When I bought the Olympus 14-150mm zoom, I did wonder what would be the fate of my Leica Panasonic 14-150mm Vario Elmar. While its a wonderful quality lens, it is big and heavy. The Olympus is small and light. As soon as I put the m.zuiko onto a camera and started to take some pictures with it, I immediately liked using it. With any of my m4/3 bodies it makes a very compact camera / lens combination which is a pleasure to use. The question was "Is it any good". Well yes it is. After trying it my E-P2 last weekend I was pleased with its performance. The Voigtlander 25mm arrived on Tuesday and I spent the rest of the week working with that, so didn't get around to trying the Olympus zoom on my GH1 until yesterday. With the better performance of the GH1 sensor the lens produced sharper results than with its "native" body and I can feel the Vario-Elmar slipping towards ebay!
I have no wish to "endure" my photography, nor should using equipment be a struggle. A light, responsive camera / lens combination is always preferable to a heavy, cumbersome one, providing the quality is satisfactory. Yes the Vario-Elmar is the better lens, but not by as much as I first thought. The GH1 sensor is the best of all the versions that Panasonic have made, including I'm afraid to say, those that they let Olympus have. I'm assuming here that Olympus haven't made the sensor in the E-P2 produce less sharp results and more noise on purpose.
The point of this is that I definitely get better results from my GH1 than any of my other m4/3 cameras, and by using the Olympus 14-150mm zoom on this camera I was really quite impressed by its quality.
So its a question of the more user-friendly combination versus the ultimate quality option.
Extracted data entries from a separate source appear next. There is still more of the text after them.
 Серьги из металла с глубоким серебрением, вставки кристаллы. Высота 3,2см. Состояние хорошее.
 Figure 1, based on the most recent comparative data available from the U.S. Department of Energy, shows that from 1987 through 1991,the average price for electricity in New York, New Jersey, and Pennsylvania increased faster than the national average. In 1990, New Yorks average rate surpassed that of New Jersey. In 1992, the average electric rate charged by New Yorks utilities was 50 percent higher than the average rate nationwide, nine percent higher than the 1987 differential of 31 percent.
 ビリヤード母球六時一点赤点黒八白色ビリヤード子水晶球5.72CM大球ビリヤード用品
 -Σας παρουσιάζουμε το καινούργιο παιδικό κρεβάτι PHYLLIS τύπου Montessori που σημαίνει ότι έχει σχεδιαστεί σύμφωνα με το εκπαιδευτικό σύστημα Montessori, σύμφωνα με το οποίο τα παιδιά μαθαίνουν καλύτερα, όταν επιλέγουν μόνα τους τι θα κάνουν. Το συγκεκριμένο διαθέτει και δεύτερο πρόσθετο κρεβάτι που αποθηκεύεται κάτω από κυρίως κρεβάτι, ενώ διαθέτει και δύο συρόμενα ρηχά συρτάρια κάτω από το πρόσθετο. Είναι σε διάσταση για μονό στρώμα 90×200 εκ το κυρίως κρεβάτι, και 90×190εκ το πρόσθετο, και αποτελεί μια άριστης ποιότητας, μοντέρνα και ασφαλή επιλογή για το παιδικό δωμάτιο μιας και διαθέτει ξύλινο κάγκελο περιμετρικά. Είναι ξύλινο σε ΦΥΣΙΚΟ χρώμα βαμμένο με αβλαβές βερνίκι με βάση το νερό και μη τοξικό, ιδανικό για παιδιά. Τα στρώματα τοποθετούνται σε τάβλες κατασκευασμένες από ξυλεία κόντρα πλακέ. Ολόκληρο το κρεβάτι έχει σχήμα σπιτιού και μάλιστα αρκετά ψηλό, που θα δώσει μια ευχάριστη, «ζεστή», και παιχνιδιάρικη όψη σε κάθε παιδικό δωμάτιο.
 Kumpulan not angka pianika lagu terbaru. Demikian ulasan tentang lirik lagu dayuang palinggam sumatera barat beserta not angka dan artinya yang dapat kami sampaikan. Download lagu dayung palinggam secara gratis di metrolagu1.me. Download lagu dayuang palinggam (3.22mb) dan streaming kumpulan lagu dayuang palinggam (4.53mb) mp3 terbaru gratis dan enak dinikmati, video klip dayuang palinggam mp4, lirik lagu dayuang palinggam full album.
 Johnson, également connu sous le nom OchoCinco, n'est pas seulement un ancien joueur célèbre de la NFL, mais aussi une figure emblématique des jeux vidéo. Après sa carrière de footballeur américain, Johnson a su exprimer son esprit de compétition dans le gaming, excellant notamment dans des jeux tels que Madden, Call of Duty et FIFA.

This might trouble me more if there was more of a quality gap between the two zooms. However it is smaller than I initially thought and I know that I'm always going to prefer the Olympus, because of its smaller size.
I also used the Olympus 9-18mm wide angle zoom on a GF1 yesterday. Now this is a really excellent lens. Very sharp and every bit the equal of the Panasonic 7-14mm. No built in OIS stabilisation system and 2mm narrower but for me its the better choice of the two lenses. Firstly its a very (155g) light lens and secondly it takes filters. As I've said before the 7-14's exposed front element always struck me as a disaster waiting to happen. I dont feel that there is much of a quality gap between these two lenses, if there is any at all, but the Olympus is definitely more convenient for me.
Another change that may be happening concerns my E-P2. I bought the 14-150mm as part of a kit with an E-PL1. It was always my intention to sell on that camera, bundled with the 14-42mm kit zoom from the E-P2. Indeed I put it on ebay and even got as far as a few bids. Then I actually used it during my Voigtlander 25mm photo sessions. I'd had one before in the summer, but that was part of another kit deal and I'd sold it on pretty quickly. Last week was the first time I'd ever handled an E-PL1 for any length of time and I really liked it. The addition of the handgrip and the re-arranging of a few buttons from the E-P2 design seems to make quite a difference.
In particular, I found using manual focus lenses on the E-PL1 a lot easier than the E-P2, just because of the location of the button that triggers the magnified view for focusing. I even found it easier to use in this regard than my GH1. If the weather forecast is accurate, I'm going out today to try it out, with some MF lenses. Its all very well thinking something works better sitting on the sofa, but how it performs and feels when a few miles of walking are involved is a better test. Anyway I've removed it from ebay to see how it performs on location. If it works better for me then I may use it as my preferred camera for manual focus lenses.